Step 1: Init a replication slot
Call the /v1/init
endpoint to create a replication slot and get the slot name.
$ curl localhost:12312/v1/init
{"slotName": "delta_face56"}
Keep note of this slot name to use in the next phases.
Step 2 (optional): Initialise data from snapshot
To get data from the snapshot, make a POST request to the /v1/snapshot/data
endpoint with the slot name, table name, offset and limit. You can also specify the column and order you want the results to be sorted in:
curl -X POST \
http://localhost:12312/v1/snapshot/data \
-H 'content-type: application/json' \
-d '{"slotName": "delta_face56", "table": "test_table", "offset": 0, "limit": 5, "order_by": {"column": "id", "order": "ASC"}}'
The returned data will be a JSON formatted list of rows:
[
{
"id": 1,
"name": "abc"
},
{
"id": 2,
"name": "abc1"
},
{
"id": 3,
"name": "abc2"
},
{
"id": 4,
"name": "val1"
},
{
"id": 5,
"name": "val2"
}
]
Note that only the data upto the time the replication slot was created will be available in the snapshot.
Step 3: Stream changes over a websocket
Connect to the websocket endpoint /v1/lr/stream
along with the slot name to start streaming the changes:
ws://localhost:12312/v1/lr/stream?slotName=delta_face56
The streaming data will contain the operation type (create, update, delete), table details, old values (in case of an update or delete), new values and the nextlsn
value.
The query:
INSERT INTO test_table (name) VALUES ('newval1');
will produce the following change record over the websocket connection:
// Received over ws
{
"nextlsn": "0/170FCB0",
"change": [
{
"kind": "insert",
"schema": "public",
"table": "test_table",
"columnnames": [
"id",
"name"
],
"columntypes": [
"integer",
"text"
],
"columnvalues": [
3,
"newval1"
]
}
]
}
The nextlsn
is the Log Sequence Number (LSN) that points to the next record in the WAL.
Step 4: ACK the offset
To update postgres of the consumed position simply send this value over the websocket connection:
// Send over ws
{"lsn":"0/170FCB0"}
This will commit to Postgres that you've consumed upto the WAL position 0/170FCB0
so that in case of a failure of the websocket connection, the streaming resumes from this record.
Reset stream
The application has been designed as a single session use case; i.e. as of now there can be only one replication slot and corresponding stream that can be managed. Any calls to /v1/init
will delete the existing replication slot, and create a new replication slot (along with the snapshot).

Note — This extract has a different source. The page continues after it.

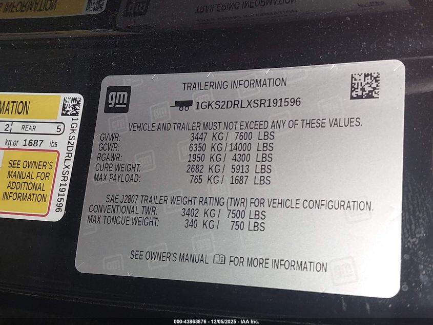 2025 GMC YUKON 2025 року Бензин, 6.2, Повний привід, vin - 1GKS2DRLXSR191596 з США

At any point if you wish to start over with a new replication slot, call /v1/init
again to reset the "stream".
Configuring Postgres for logical replication
To use the logical replication feature, set the following parameters in postgresql.conf
:
wal_level = logical
max_replication_slots = 4
Further, add this to pg_hba.conf
:
host replication all 127.0.0.1/32 trust
Restart the postgresql
service.
Slot names
The slots names are autogenerated following the format delta_<word><number>
.
This is so that it is easy to remember the slot name instead of a string of random characters and the delta_
prefix identifies it as a slot created by this application.
Contributing
Contributions are welcome!
Read the contributing guide to learn about setting up the development environment, building the project and running tests.
Do check the issues page to see the backlog and help us in improving PGDeltaStream!